Since then it became one of the main symbols in my whole practice, it came through many exhibitions and gained new and new meanings along with ever changing circumstances and with ever changing myself.

This flag I brought with me to Austria when I ran away from the war in Ukraine. Now I’m installing it in its landscapes. But this time I’m one with my flag – my bones and my muscles, my skin, my guts, my heart and soul. It is home that I have always with me, inside me.
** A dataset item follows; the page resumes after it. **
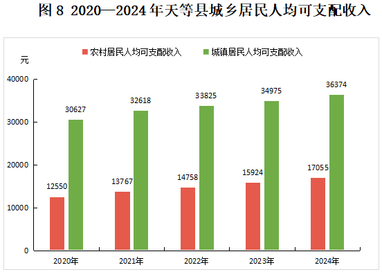 全年居民人均可支配收入22732元,比上年名义增长5.3%。按常住地分,城镇居民人均可支配收入36374元,比上年名义增长4.0%。农村居民人均可支配收入17055元,比上年名义增长7.1%。城乡居民人均收入比为2.13:1,比上年缩小0.07。

This particular flag has a very special meaning. It is a twin flag of the one that I installed in Mariupol and left as a gift to my friends there 2 years ago. They were cut from the same large piece of cloth. And I truly feel this spiritual connection, through this transparent canvas and it’s memory, with Mariupol, Kharkiv and with all those landscapes – skies, horizons, waters, endless spaces of dug soil, wheat fields and valleys covered with snow – that I left in Ukraine and that are waiting for me there. And meanwhile I will carry them with me, always, wherever this off-road brings me.

This project had a name «Off-road Signs» and I started it in winter of the year 2021.

The signs I used were manufactured at the factory according to the standards of real road signs.
I traveled with them to the secluded natural areas not far from my home town in Ukraine and installed among the empty landscapes, to emphasise the void around, on the one hand, and on the other hand, to make the environment gain a new meaning. The signs were installed for a short period of time and then removed without leaving a trace.

In total 6 signs were produced: «End», «Nothing», «Земля» («Earth»), «Вас вітає Батьківщина» («Welcome to the Motherland»), «Come Back Soon». The sign with three dots on it was the last one and was meant to close the series. I planned to install it in some Ukrainian landscape – like all the previous road signs – but I didn’t have time to go to the location, and then the full-scale war started. It was stored for months in my mother’s car and then in my apartment in Kharkiv. My grandpa took it from there and sent it to Graz.

So the sign with three dots, symbolising that my journey is not yet finished – and basically is only about to start – symbolising the very idea of the «off-road», became the first artwork I made in Austria. Also it is my first work in the landscape since November 2021. I never cease to be amazed at this amazing coincidence – as well as all the other incredible coincidences that happened on my way and eventually brought me here.